The second edition of the Russian Architecture Biennale for Young Architects will take place in Innopolis, a satellite of Kazan, and Russia’s youngest and most high-tech city from October 24th to 26th, 2019.
The biennale aims to support young architects, particularly in the field of urban development. Conceptualised by architect Sergei Tchoban, the biennale’s curator, the programme will allow young architects to be involved in projects all over Russia and to establish a stronger network with local governments. The theme for this year’s biennale is “Giving a second life to industrial sites”.
Architects and urban planners under the age of 35 sent in applications from Moscow, St Petersburg, Kazan, London, Miami, Delhi, Beijing, and Pisa. From among the 739 applicants from six countries and 53 cities, 30 finalists have been chosen.

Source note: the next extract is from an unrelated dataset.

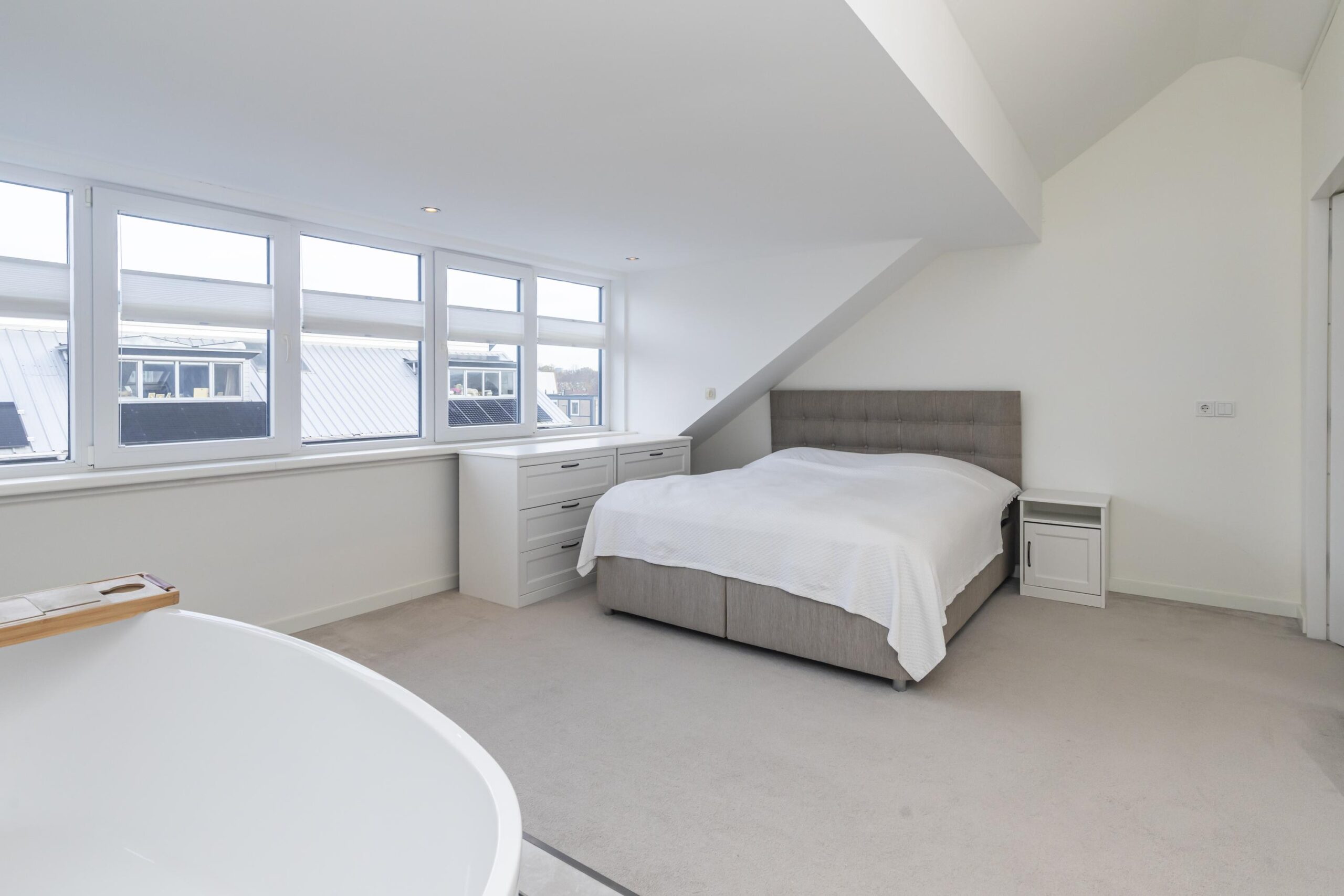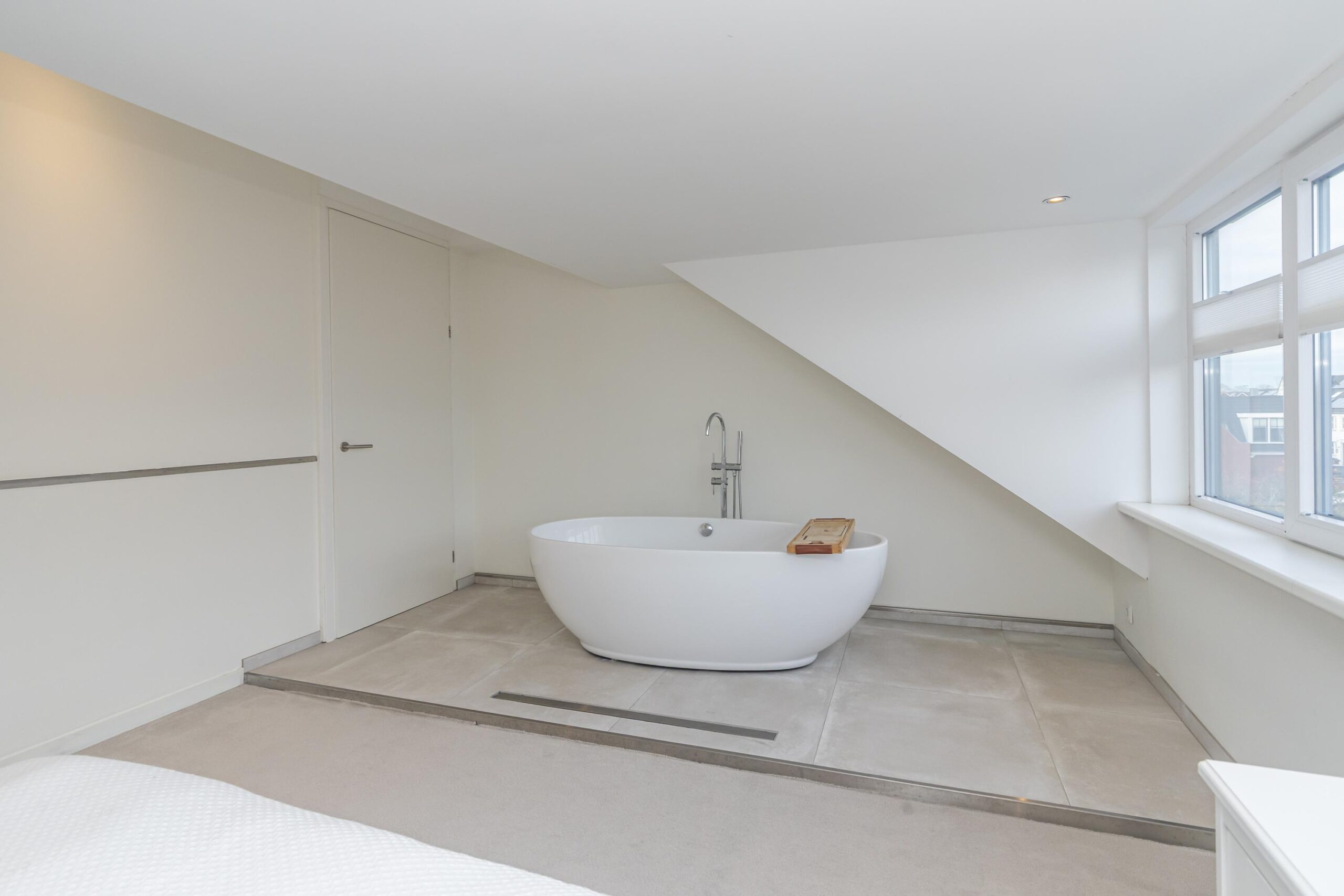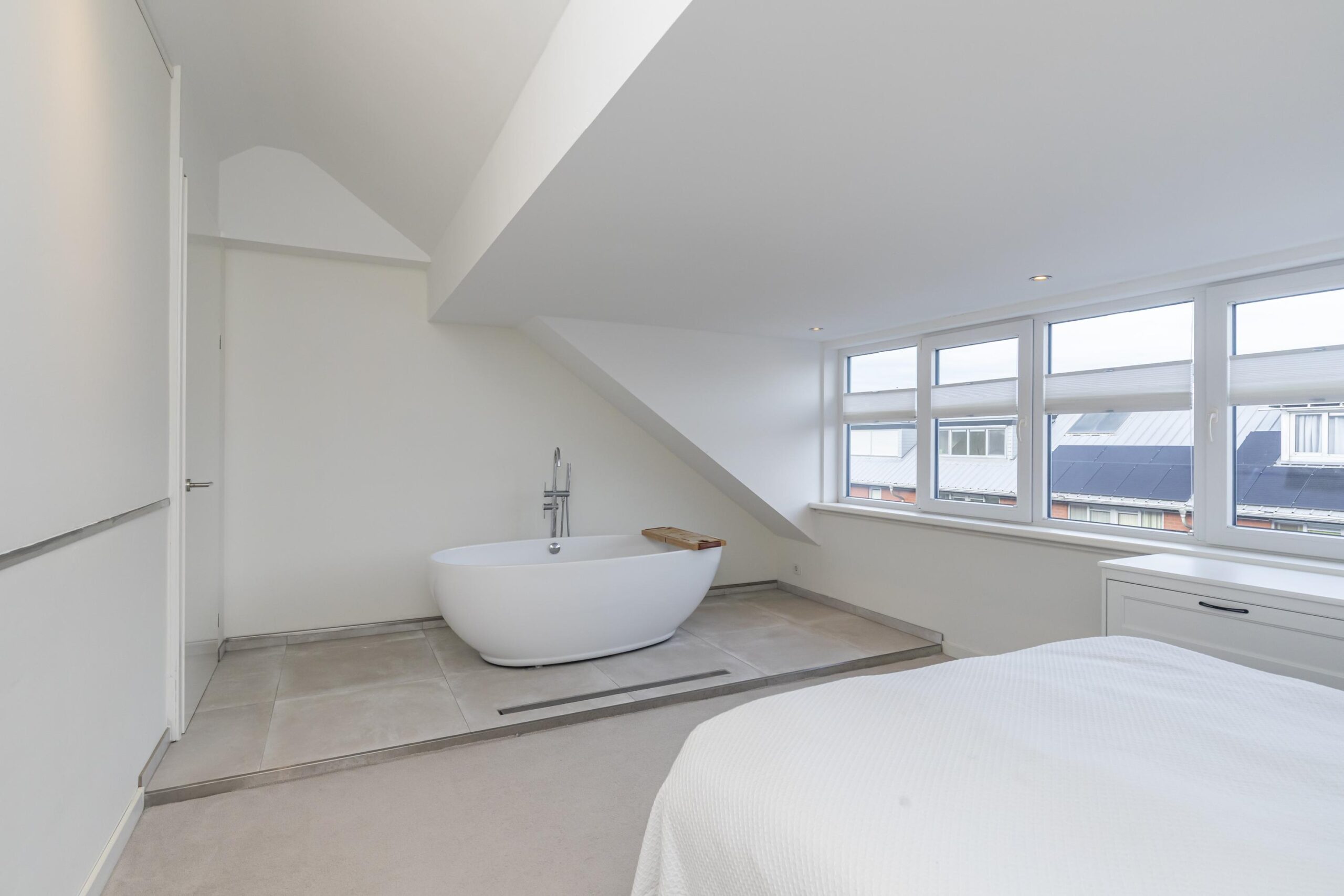 Een vaste trap brengt je naar de tweede verdieping, waar je wordt verrast door de ruimte en de mogelijkheden. Hier bevindt zich een royale slaapkamer met ligbad – ideaal als ouderslaapkamer of luxe logeerkamer – en een tweede kamer die zich uitstekend leent als werkruimte of hobbykamer.

“This year, we made the terms more difficult for applicants,” says Nataliya Fishman-Bekmambetova, the biennale’s director. “We didn’t ask them to invent a project. We asked them to come up with ideas for the redevelopment of actual industrial sites in Kazan. I think there will be lots of interesting projects, since we have many good specialists — we just need to give them a chance to work.”
The young architects in the competition are developing projects to rehabilitate the territories of the Santekhpribor factory and the grain elevator in Kazan’s river port. Santekhpribor is situated in a former industrial zone. The finalists drew lots to determine which sites they would work on.
Tchoban says: “It’s almost impossible to overestimate the importance of the challenge of disused industrial sites: virtually every Russian city today is confronted with the question of how to repurpose such sites. To a great degree, a cityscape depends on the choice of strategy for developing former industrial zones, as do levels of comfort for local residents and tourists. The key challenge today is to find the value in every former industrial site or building. This is real ecological awareness — making an effort to preserve physical, energy, and occupational resources. It’s the younger generation of Russian architects who must formulate a strategy.”
This year, there will be four prizes. The high-profile international jury will choose the two best projects for each site, assigning first and second places. Tchoban, the jury’s chairman, will be joined in the judging duties by Michiel Riedijk, founder and partner of Neutelings Riedijk Architects and professor at Delft Technical University (Netherlands); Philip Yuan, co-chairman of the Built Environment Technology Center at Washington University and director of the Academic Committee at Shanghai Technology Center for Engineering Digital Design; and Kristin Feireiss, curator and co-founder of the independent architectural gallery Aedes Architecture Forum in Berlin and a member of the jury for the Pritzker Prize.
These international experts will be joined by three of the winners of the First Russian Architecture Biennale for Young Architects: Mikhail Beylin and Daniil Nikishin, founders of CITZENSTUDIO (Moscow); Nadezhda Koreneva (Moscow); and Oleg Manov (FUTURA Architects, St. Petersburg).
The biennale will include a three-day professional programme with lectures, presentations, and discussions of the challenges in regenerating industrial zones and of ways to bring young architects into the professional community. In addition to the main competition, this year there will be a new architectural-artistic competition for 9th- and 10th-graders.
In 2020, the proposals by the finalists of the biennale will be shown at the Aedes Architecture Forum in Berlin. Aedes is the first independent architecture gallery in Europe; it exhibits work by specialists in contemporary architecture and urban design. The biennale is open to visitors.
Recently, the city was in the news for being the venue of the Aga Khan Awards for Architecture prize-giving ceremony.